Could you retype the records below exactly as they appear, skipping any pictures?

**Extracted entries**
====================
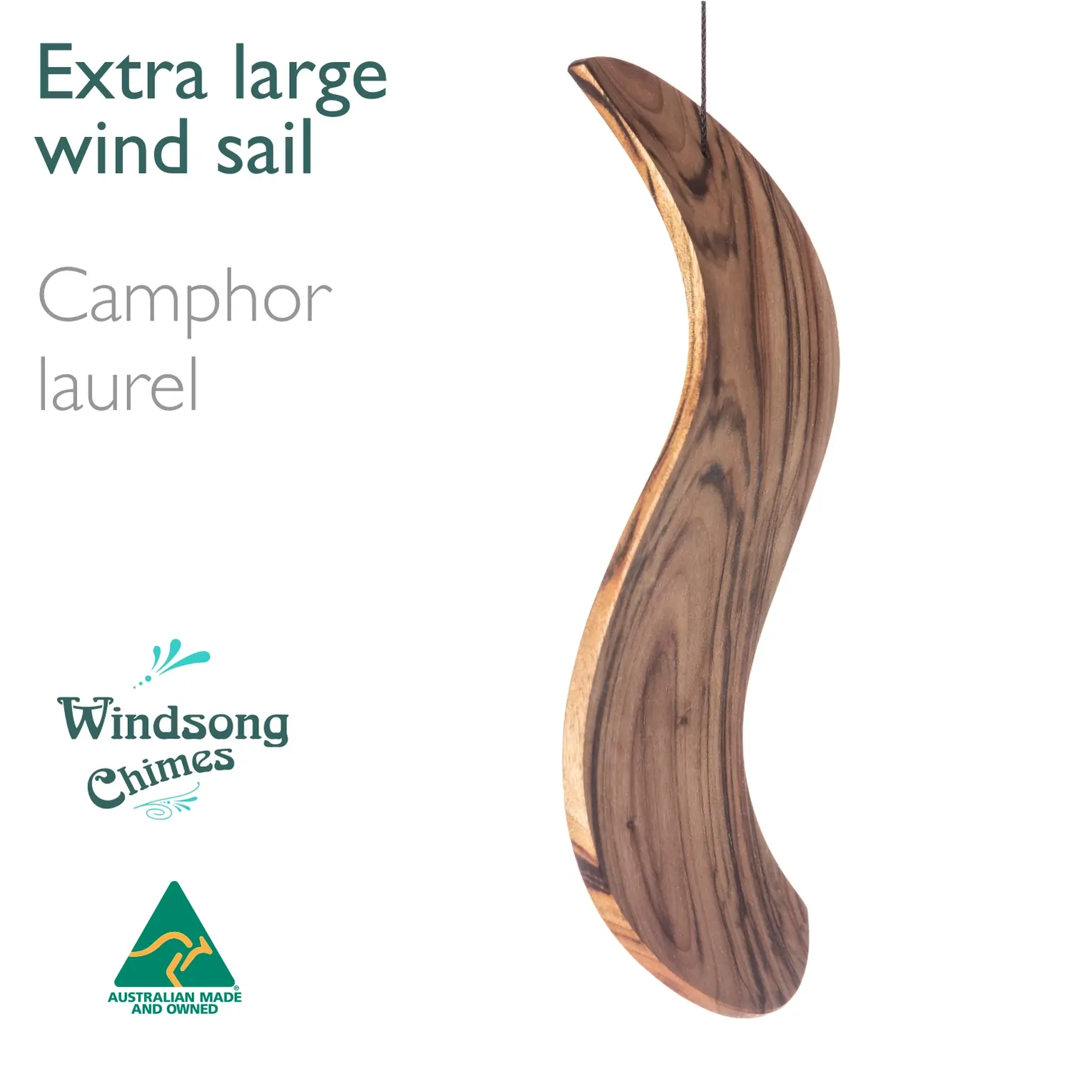 This camphor laurel sail is handcrafted into a 3D curved S shape band sawn from solid blocks, ensuring it retains it's shape and catches the wind long into the future. It measures approximately 25cm x 10cm.
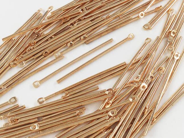 送料無料 メタルスティック 35mm 100個 カン付き ゴールド KC金 チャーム ピアスパーツ イヤリングパーツ (AP0653)
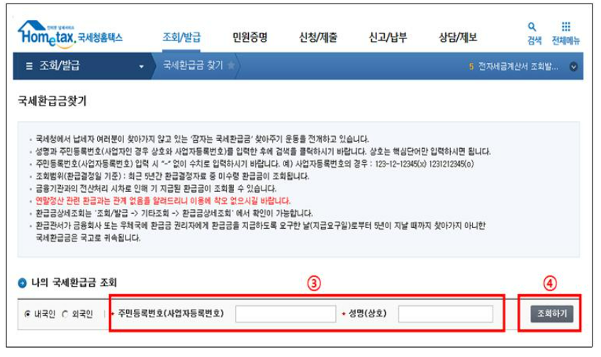 - 주민번호 입력 후 미환급금 조회하기
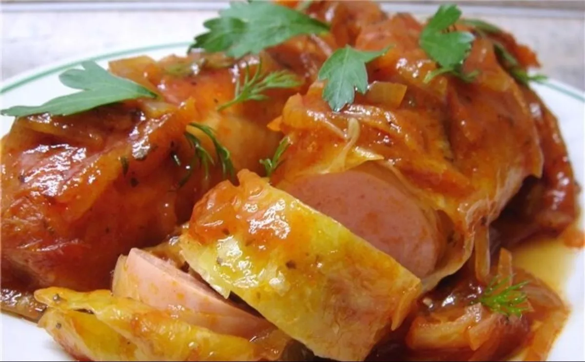 5. Patiekalas iš esmės jau paruoštas, bet galite pasigaminti padažą, panašų į balandėlių. Tam pakepinkite smulkiai supjaustytą svogūną ir tarkuotą morką, įdėkite pomidorų pastos ir įpilkite 100 ml vandens. Užpilkite padažu dešreles kopūstuose ir troškinkite 5–10 minučių.Šaltinis: povar.ruRecepto įvertinimas 5/5 (1 įvertinimai)Ačiū už jūsų įvertinimą!
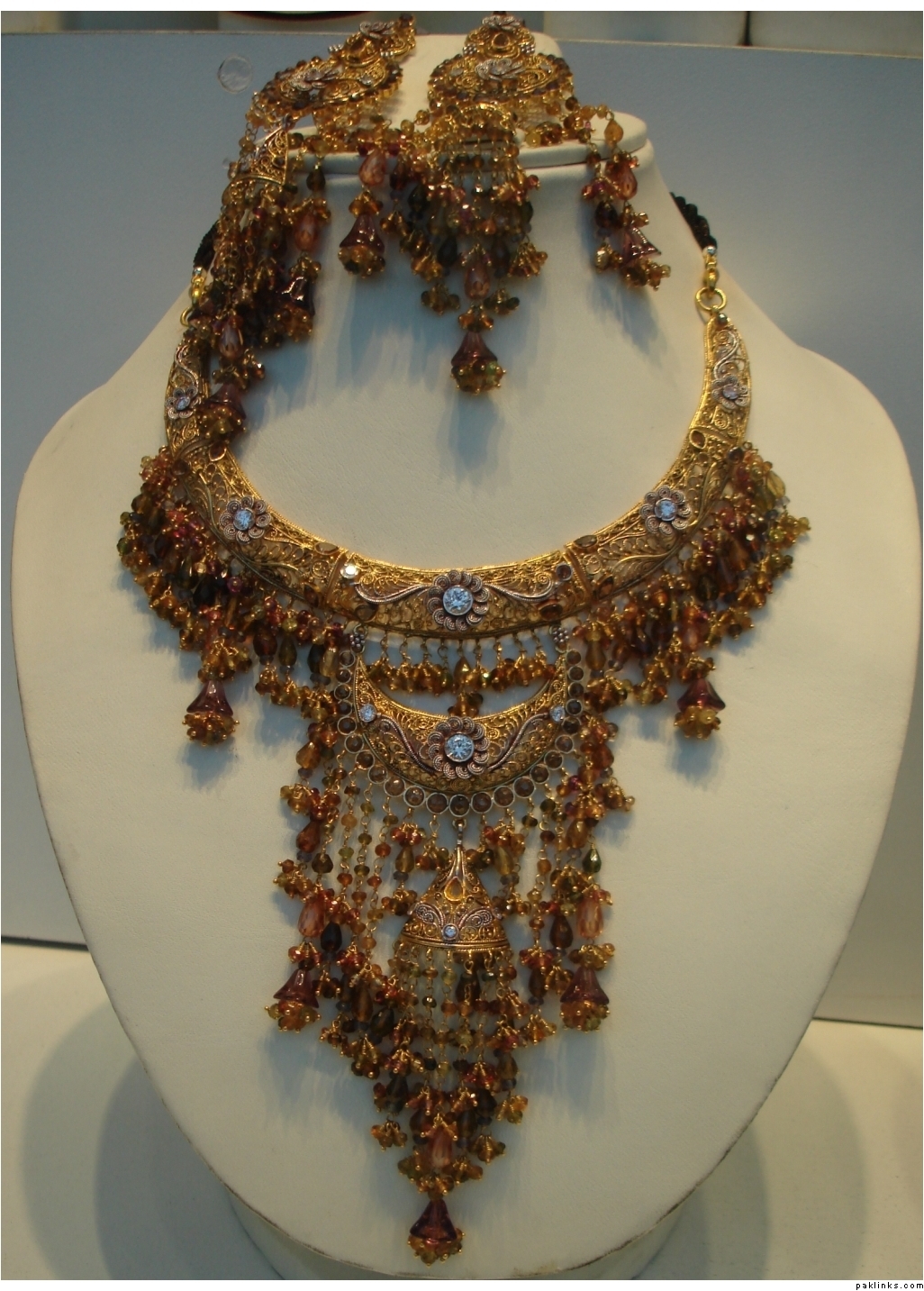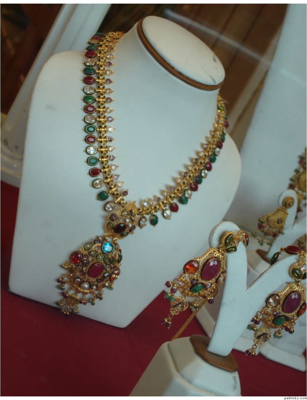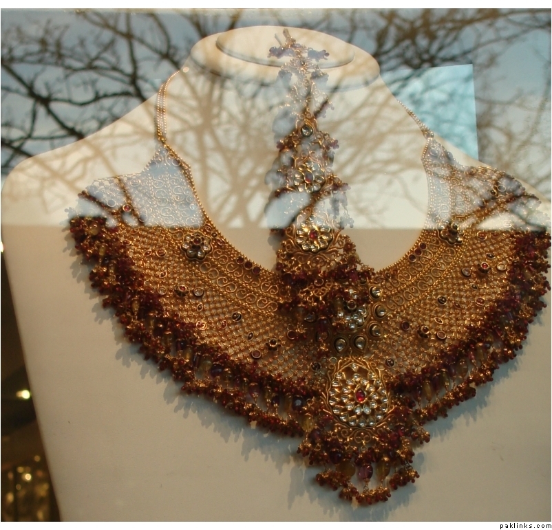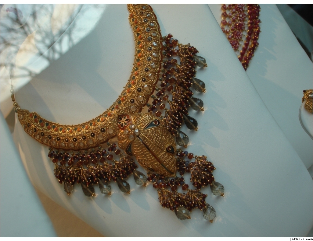 this is one colour of my shaadi lehnga for which i need jewellery…the other colour is red…but as most of the lehnga is red and only lehnge ka niiche waala hissa teapink hai aur dupatte me thoda sa teapink hai…i was thinking to go with gold n teapink?..or has someone else a better option??..need help..thx..if u could post pix of jewellery which could go with it would be very nice..but i dont like these haars with the drops hanging under..
====================
**Written reply**
 This camphor laurel sail is handcrafted into a 3D curved S shape band sawn from solid blocks, ensuring it retains it's shape and catches the wind long into the future. It measures approximately 25cm x 10cm.
 送料無料 メタルスティック 35mm 100個 カン付き ゴールド KC金 チャーム ピアスパーツ イヤリングパーツ (AP0653)
 - 주민번호 입력 후 미환급금 조회하기
 5. Patiekalas iš esmės jau paruoštas, bet galite pasigaminti padažą, panašų į balandėlių. Tam pakepinkite smulkiai supjaustytą svogūną ir tarkuotą morką, įdėkite pomidorų pastos ir įpilkite 100 ml vandens. Užpilkite padažu dešreles kopūstuose ir troškinkite 5–10 minučių.Šaltinis: povar.ruRecepto įvertinimas 5/5 (1 įvertinimai)Ačiū už jūsų įvertinimą!
 this is one colour of my shaadi lehnga for which i need jewellery…the other colour is red…but as most of the lehnga is red and only lehnge ka niiche waala hissa teapink hai aur dupatte me thoda sa teapink hai…i was thinking to go with gold n teapink?..or has someone else a better option??..need help..thx..if u could post pix of jewellery which could go with it would be very nice..but i dont like these haars with the drops hanging under..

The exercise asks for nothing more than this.